= Sheynovo Peak =

Mountain in Antarctica

Location of Brabant Island in the Antarctic Peninsula region.

Sheynovo Peak (връх Шейново, /bg/) is the mostly ice-covered peak of elevation 811 m in Solvay Mountains on Brabant Island in the Palmer Archipelago, Antarctica. It has steep and partly ice-free northeast and west slopes, and surmounts Buragara Cove to the north, Rush Glacier to the northeast and Dimkov Glacier to the south.

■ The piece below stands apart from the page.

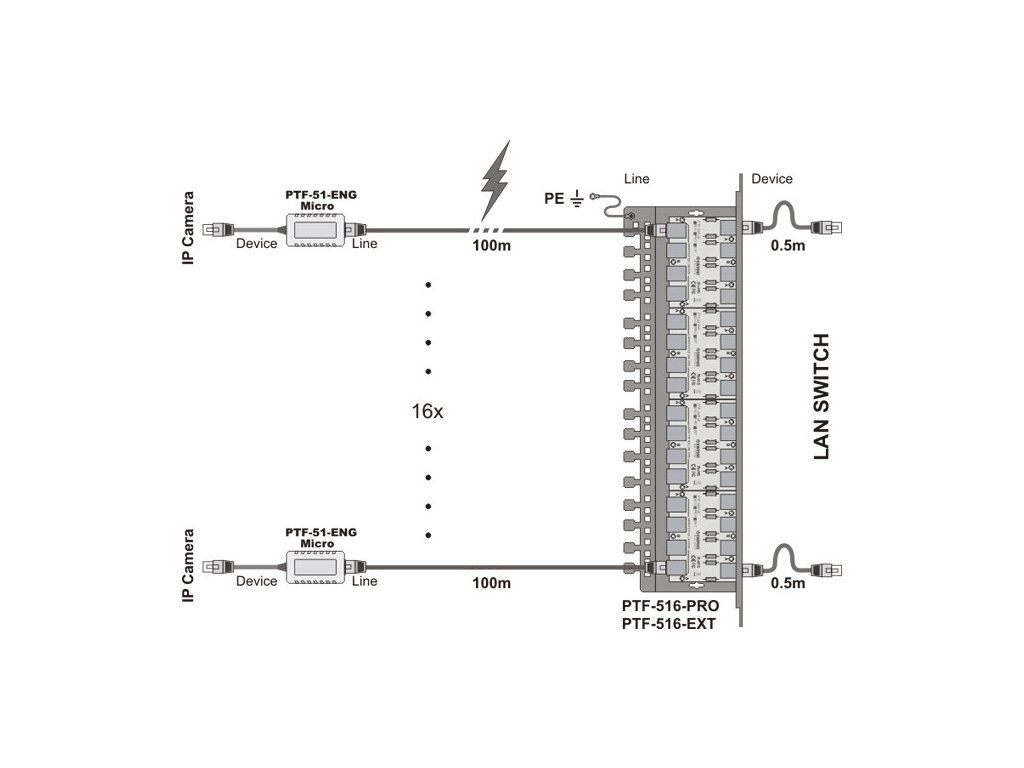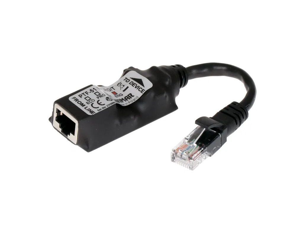 PTF-51-ENG/PoE/Micro/T je nový miniatúrny zvodič prepätia využívajúci riešenie Extreme No Ground. Je určený na ochranu sietí LAN, kde je problém so zemniacim vedením PE k jednotlivým kamerovým bodom alebo iným koncovým zariadeniam LAN. Zariadenie možno použiť na ochranu externých kamier, ale ochrana sa obmedzí len na elimináciu malého elektromagnetického impulzu indukovaného v kábli LAN. Funguje so sieťami LAN 10-BaseT a 100-BaseT založenými na kábloch UTP kategórie 5 alebo 6.

The peak is named after the settlement of Sheynovo in Southern Bulgaria.

==Location==
Sheynovo Peak is located at , which is 3.2 km east of Humann Point, 3 km southeast of Zabel Point, 3.35 km west of Mount Aciar and 2.37 km north-northwest of Kondolov Peak. British mapping in 1980 and 2008.

==Maps==
- Antarctic Digital Database (ADD). Scale 1:250000 topographic map of Antarctica. Scientific Committee on Antarctic Research (SCAR). Since 1993, regularly upgraded and updated.
- British Antarctic Territory. Scale 1:200000 topographic map. DOS 610 Series, Sheet W 64 62. Directorate of Overseas Surveys, Tolworth, UK, 1980.
- Brabant Island to Argentine Islands. Scale 1:250000 topographic map. British Antarctic Survey, 2008.